Patchwork D6756: rust-utils: add normalize_case util to mirror Python one

login
register
mail settings
Submitter phabricator
Date Aug. 22, 2019, 12:54 p.m.
Message ID <differential-rev-PHID-DREV-7a4psukywz2wsib7yyvn-req@mercurial-scm.org>
Download mbox | patch
Permalink /patch/41381/
State Superseded
Headers show

Comments

phabricator - Aug. 22, 2019, 12:54 p.m.
Alphare created this revision.
Herald added subscribers: mercurial-devel, kevincox, durin42.
Herald added a reviewer: hg-reviewers.

REVISION SUMMARY
  While we still don't handle filenames properly cross-platform, this at least
  sticks closer to the Python behavior.

REPOSITORY
  rHG Mercurial

REVISION DETAIL
  https://phab.mercurial-scm.org/D6756

AFFECTED FILES
  rust/hg-core/src/dirstate/dirstate_map.rs
  rust/hg-core/src/utils/files.rs

CHANGE DETAILS




To: Alphare, #hg-reviewers
Cc: durin42, kevincox, mercurial-devel
Yuya Nishihara - Sept. 1, 2019, 3 a.m.
> +/// TODO improve handling of utf8 file names. Our overall strategy for
> +/// filenames has to be revisited anyway, since Windows is UTF-16.
> +pub fn normalize_case(bytes: &[u8]) -> Vec<u8> {
> +    #[cfg(windows)] // NTFS compares via upper()
> +    return bytes.to_ascii_uppercase();
> +    #[cfg(unix)]
> +    bytes.to_ascii_lowercase()
> +}

HFS+ has more complex rules, and some were the source of security issue.
phabricator - Sept. 1, 2019, 3:02 a.m.
yuja added a comment.


  > +/// TODO improve handling of utf8 file names.

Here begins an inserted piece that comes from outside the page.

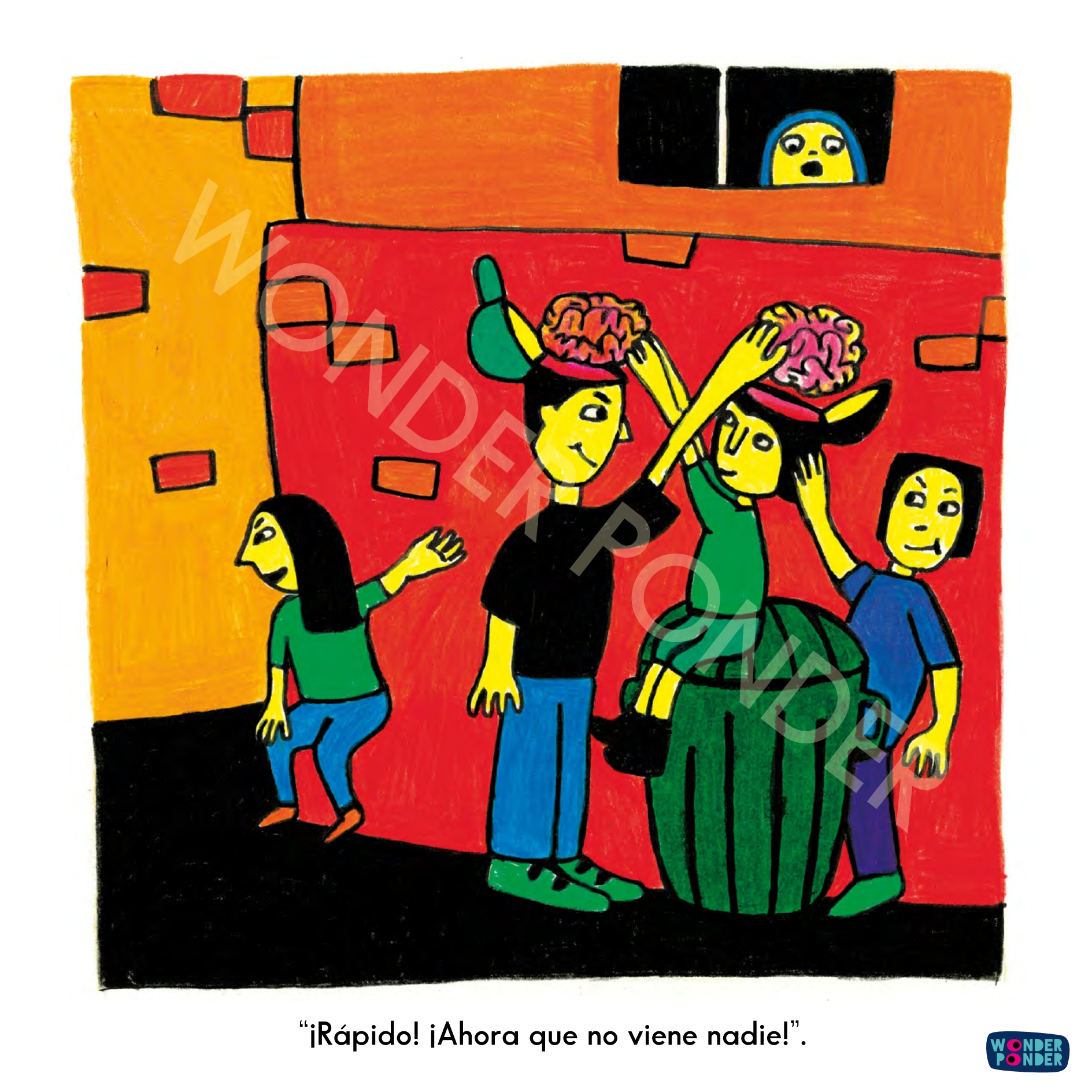 14 láminas con escenas que dan mucho que pensar. Más de 100 preguntas para mentes intrépidas. 3 láminas para crear tus propias escenas. Una guía breve para niños y adultos. Póster temático Wonder Ponder (A3). Y un método de exploración con propuestas de uso.

Our overall strategy for
  > +/// filenames has to be revisited anyway, since Windows is UTF-16.
  > +pub fn normalize_case(bytes: &[u8]) -> Vec<u8> {
  > +    #[cfg(windows)] // NTFS compares via upper()
  > +    return bytes.to_ascii_uppercase();
  > +    #[cfg(unix)]
  > +    bytes.to_ascii_lowercase()
  > +}
  
  HFS+ has more complex rules, and some were the source of security issue.

REPOSITORY
  rHG Mercurial

CHANGES SINCE LAST ACTION
  https://phab.mercurial-scm.org/D6756/new/

REVISION DETAIL
  https://phab.mercurial-scm.org/D6756

To: Alphare, #hg-reviewers, kevincox
Cc: yuja, durin42, kevincox, mercurial-devel

Patch

diff --git a/rust/hg-core/src/utils/files.rs b/rust/hg-core/src/utils/files.rs
--- a/rust/hg-core/src/utils/files.rs
+++ b/rust/hg-core/src/utils/files.rs
@@ -71,6 +71,15 @@ 
     dirs
 }
 
+/// TODO improve handling of utf8 file names. Our overall strategy for
+/// filenames has to be revisited anyway, since Windows is UTF-16.
+pub fn normalize_case(bytes: &[u8]) -> Vec<u8> {
+    #[cfg(windows)] // NTFS compares via upper()
+    return bytes.to_ascii_uppercase();
+    #[cfg(unix)]
+    bytes.to_ascii_lowercase()
+}
+
 #[cfg(test)]
 mod tests {
     #[test]
diff --git a/rust/hg-core/src/dirstate/dirstate_map.rs b/rust/hg-core/src/dirstate/dirstate_map.rs
--- a/rust/hg-core/src/dirstate/dirstate_map.rs
+++ b/rust/hg-core/src/dirstate/dirstate_map.rs
@@ -7,9 +7,10 @@ 
 
 use crate::{
     dirstate::{parsers::PARENT_SIZE, EntryState},
-    pack_dirstate, parse_dirstate, CopyMap, DirsMultiset, DirstateEntry,
-    DirstateError, DirstateMapError, DirstateParents, DirstateParseError,
-    StateMap,
+    pack_dirstate, parse_dirstate,
+    utils::files::normalize_case,
+    CopyMap, DirsMultiset, DirstateEntry, DirstateError, DirstateMapError,
+    DirstateParents, DirstateParseError, StateMap,
 };
 use core::borrow::Borrow;
 use std::collections::{HashMap, HashSet};
@@ -127,7 +128,7 @@ 
         }
 
         if let Some(ref mut file_fold_map) = self.file_fold_map {
-            file_fold_map.remove(&filename.to_ascii_uppercase());
+            file_fold_map.remove(&normalize_case(filename));
         }
         self.state_map.insert(
             filename.to_owned(),
@@ -162,7 +163,7 @@ 
             }
         }
         if let Some(ref mut file_fold_map) = self.file_fold_map {
-            file_fold_map.remove(&filename.to_ascii_uppercase());
+            file_fold_map.remove(&normalize_case(filename));
         }
         self.non_normal_set.remove(filename);
 
@@ -326,10 +327,8 @@ 
         for (filename, DirstateEntry { state, .. }) in self.state_map.borrow()
         {
             if *state == EntryState::Removed {
-                new_file_fold_map.insert(
-                    filename.to_ascii_uppercase().to_owned(),
-                    filename.to_owned(),
-                );
+                new_file_fold_map
+                    .insert(normalize_case(filename), filename.to_owned());
             }
         }
         self.file_fold_map = Some(new_file_fold_map);